地方年度代表馬として負けられない前年王者


 昨年の覇者イグナイターも当然、最有力候補の一角だ。昨年の南部杯ではレモンポップに大差をつけられる完敗を喫したが、次走のJBCスプリントでG1初制覇を飾ったように、マイルは少し長い印象。昨年のさきたま杯勝ちも然ることながら、計7勝を誇る1400mはベストといえる舞台だ。

 今年からG1に昇格し、昨年を上回るメンバーが集った印象だが、2年連続でNARの年度代表馬に輝いた誇りを胸に、ここは譲れない戦いになる。

ハナを切れば一発があるサンライズホーク


 G1馬3頭を相手に一発の魅力を秘めているのが、サンライズホーク(セン5歳、栗東・牧浦充徳厩舎)だ。

 昨夏までは一介のオープン馬に過ぎなかったサンライズホークだが、M.デムーロ騎手と出会って逃げ馬に転身。サマーチャンピオン(G3)、兵庫ゴールドT(G3)、そして今年2月のかきつばた記念(G3)と破竹の重賞3連勝で一気にG1戦線に浮上した。

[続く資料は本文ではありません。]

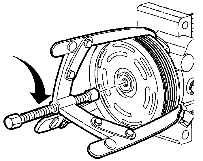 6. Install three-jaw puller on A/C compressor pulley. Tighten center bolt to remove pulley assembly.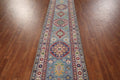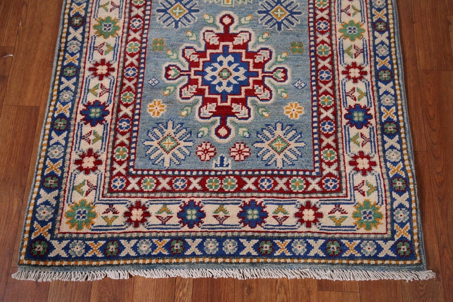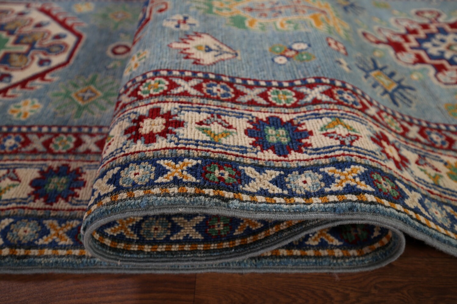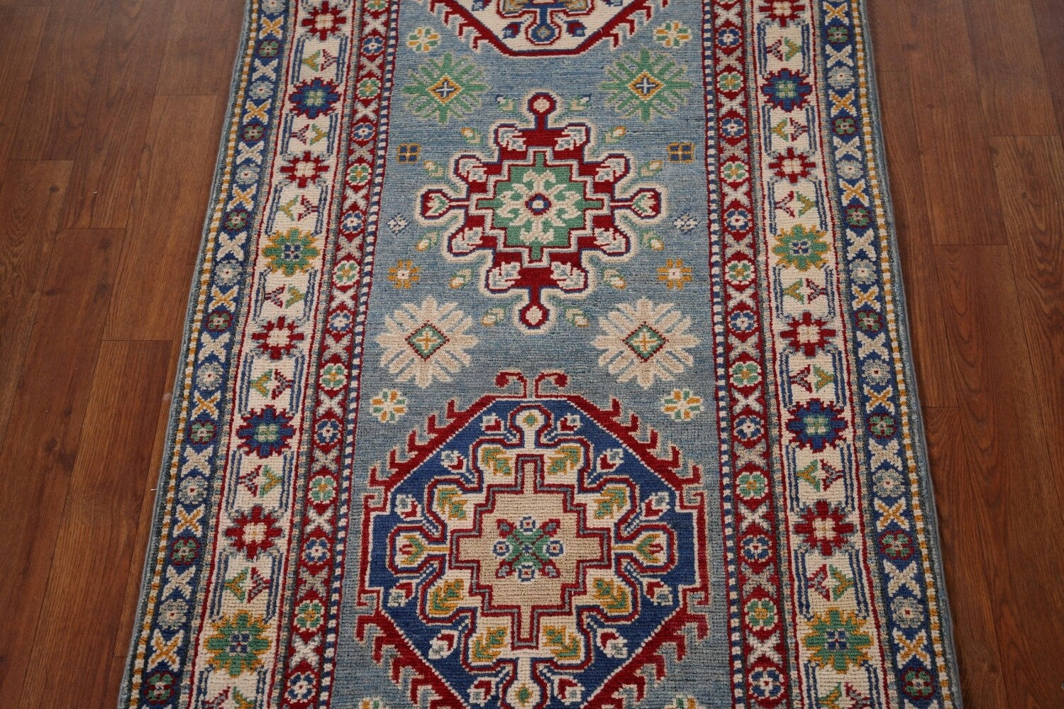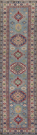 A Beautiful Genuine Pakistan Kazak rug is Hand Knotted by skillful weavers in Pakistan with 100% Wool Material. This rug is in New, First Quality condition. dimensions are 12' 7'' X 2' 7'' in foot and 384 X 79 in centimeter. the primary color is Navy Blue & Blues.

 前走の黒船賞はシャマルを相手に単勝1.6倍の大本命に推されたが、まさかの失速。最大のライバルにハナを譲ってしまった結果、11着に大敗している。前述した兵庫ゴールドTを2番手から勝利しているが、やはりハナに立ってこそ本領の馬。シャマルを含め相手は揃ったが、サンライズホークとデムーロ騎手のやることは1つだ。

展開が有利に働きそうなタガノビューティー


 主導権争いが激化するなら、最後の直線でこの馬の末脚が威力を発揮する。展開利が見込めそうなタガノビューティー(牡7歳、栗東・西園正都厩舎)も、ここはチャンスだろう。

 先行有利なダート競馬の中で、タガノビューティーの末脚は異彩を放つ極上の切れ味だ。脚質的に勝ち味に遅い面は否めないが、かしわ記念で2年連続2着するなど、ハマった時の破壊力はG1級。

 レモンポップを筆頭にシャマル、イグナイター、サンライズホークと有力な逃げ・先行馬が揃っているだけに、ペースが落ち着くことはないだろう。この馬を知り尽くす主戦・石橋脩騎手の仕掛けのタイミングにも注目したい。

浦和1400mの鬼、地元アマネラクーンの見せ場に期待


 他にも昨年の3着馬バスラットレオン(牡6歳、栗東・矢作芳人厩舎)も出走するなどJRA勢が圧倒的に優位だが、地方勢からは前哨戦を制した地元・浦和のアマネラクーン(牡7歳、浦和・小久保智厩舎)の名を挙げておきたい。浦和の1400mは計15勝を誇る“鬼”である。

 今年からG1昇格を果たしたさきたま杯は19日(水)の17時45分に発走を迎える。